WORK REQUIRED
Here the job is to transcribe the data verbatim while leaving each picture out.

INFORMATION SUPPLIED

========

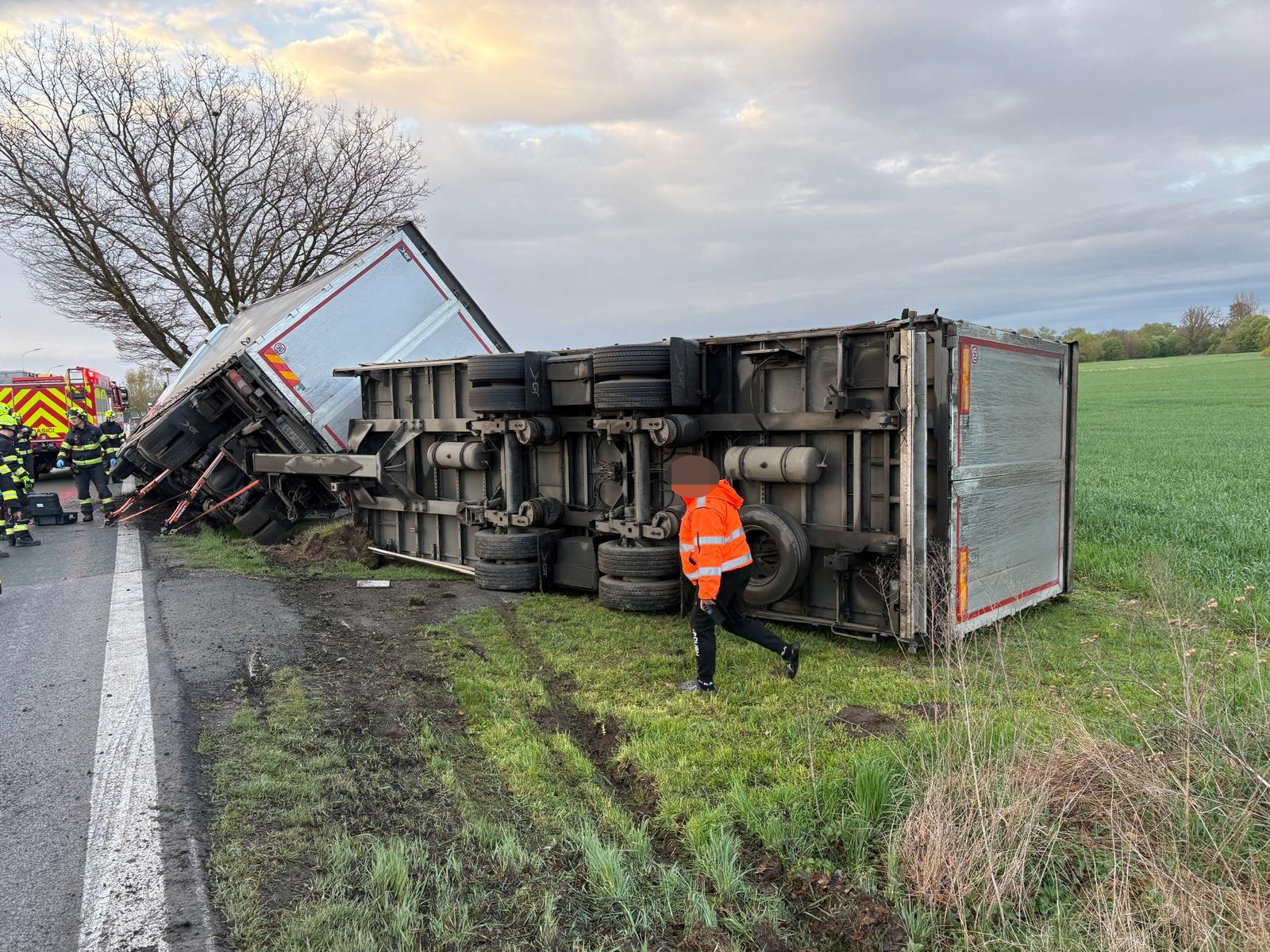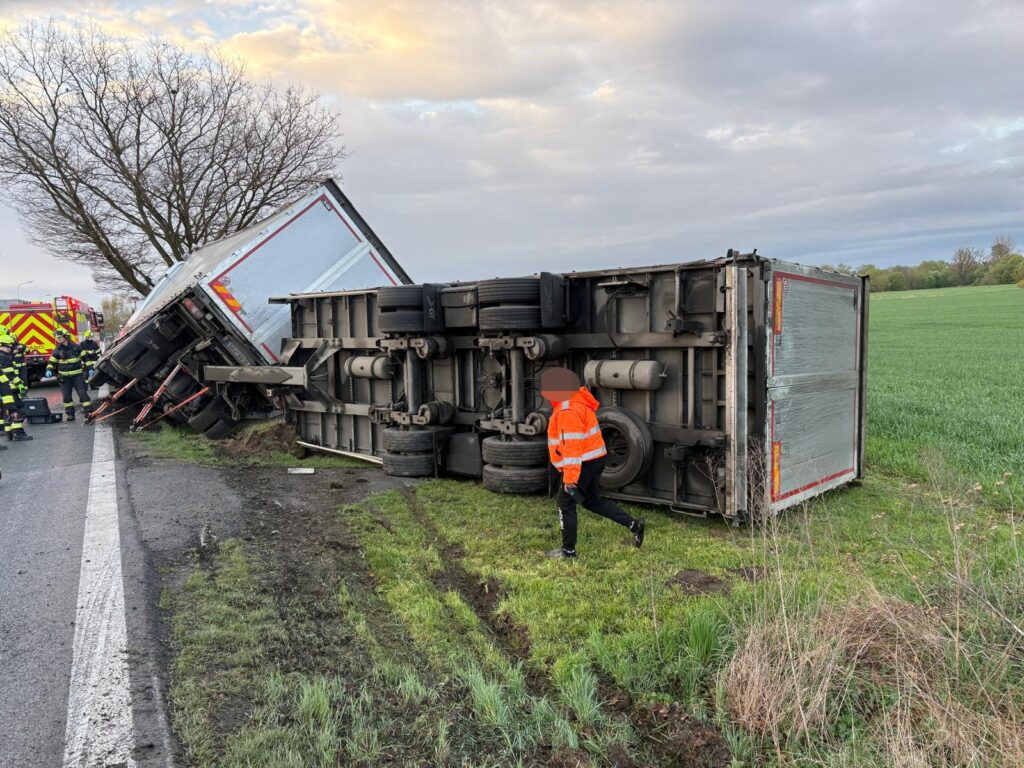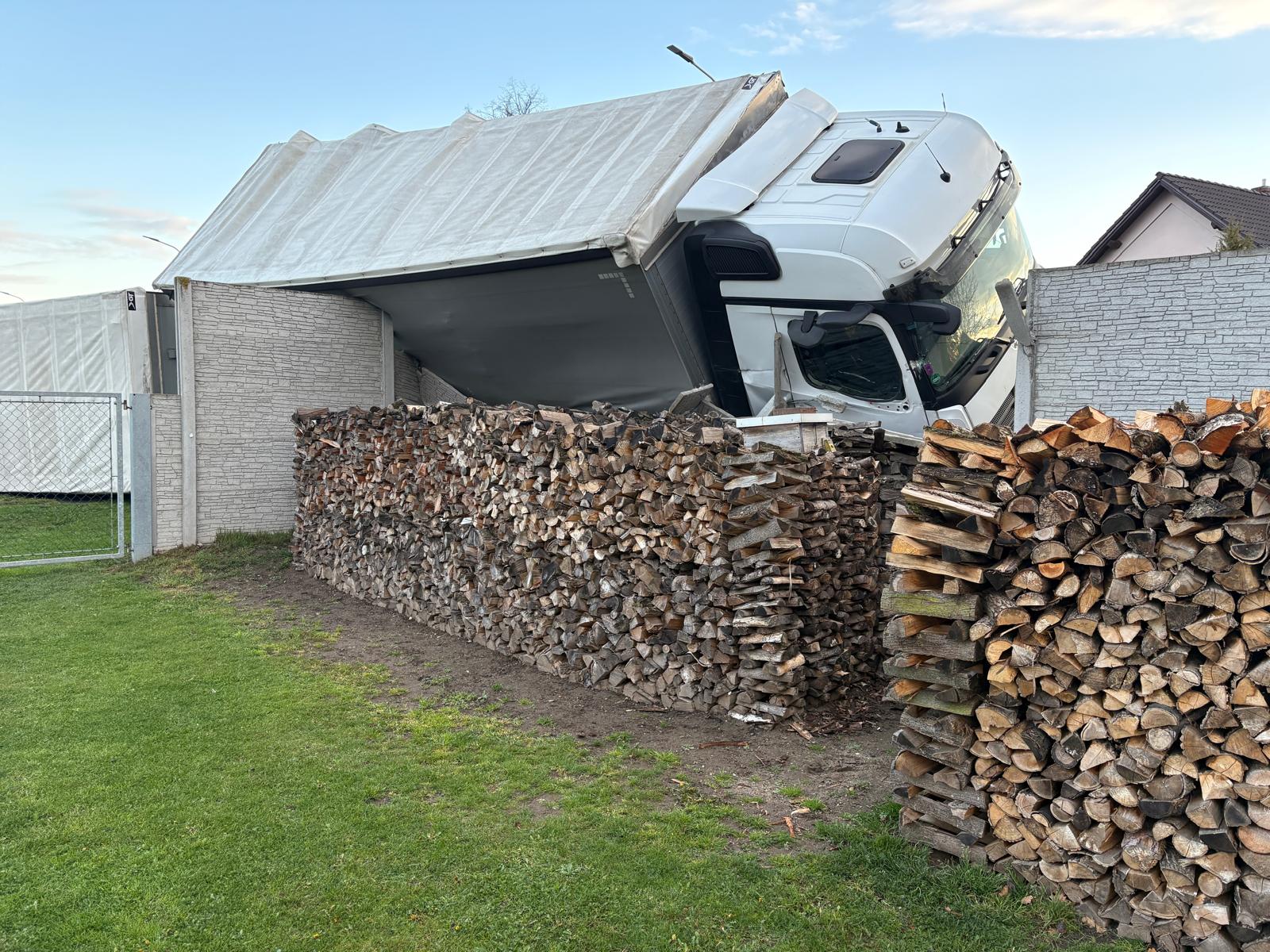 Dnes ráno jsme zasahovali u nehody kamionu, který narazil do oplocení v obci Blešno. Řidič se po nehodě nemohl z vozidla dostat, ale ještě před příjezdem jednotky se mu podařilo kabinu opustit. Naštěstí vyvázl bez zranění.
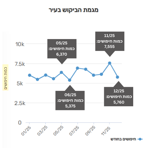 • שיא הביקושים במהלך שנת 2025 נרשם בחודש נובמבר והשפל בחודש יוני.
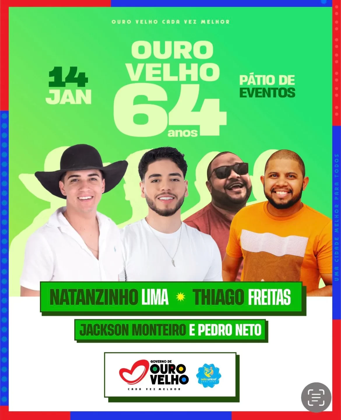 O prefeito de Ouro Velho, Dr. Júnior, anunciou oficialmente a programação completa para a celebração dos 64 anos de Emancipação Política do município, que acontecerá no próximo dia 14 de janeiro. O evento será realizado no Pátio de Eventos da cidade e promete reunir moradores e visitantes para uma festa de grande porte, com atrações musicais de destaque.

========

FINAL ANSWER
 Dnes ráno jsme zasahovali u nehody kamionu, který narazil do oplocení v obci Blešno. Řidič se po nehodě nemohl z vozidla dostat, ale ještě před příjezdem jednotky se mu podařilo kabinu opustit. Naštěstí vyvázl bez zranění.
 • שיא הביקושים במהלך שנת 2025 נרשם בחודש נובמבר והשפל בחודש יוני.
 O prefeito de Ouro Velho, Dr. Júnior, anunciou oficialmente a programação completa para a celebração dos 64 anos de Emancipação Política do município, que acontecerá no próximo dia 14 de janeiro. O evento será realizado no Pátio de Eventos da cidade e promete reunir moradores e visitantes para uma festa de grande porte, com atrações musicais de destaque.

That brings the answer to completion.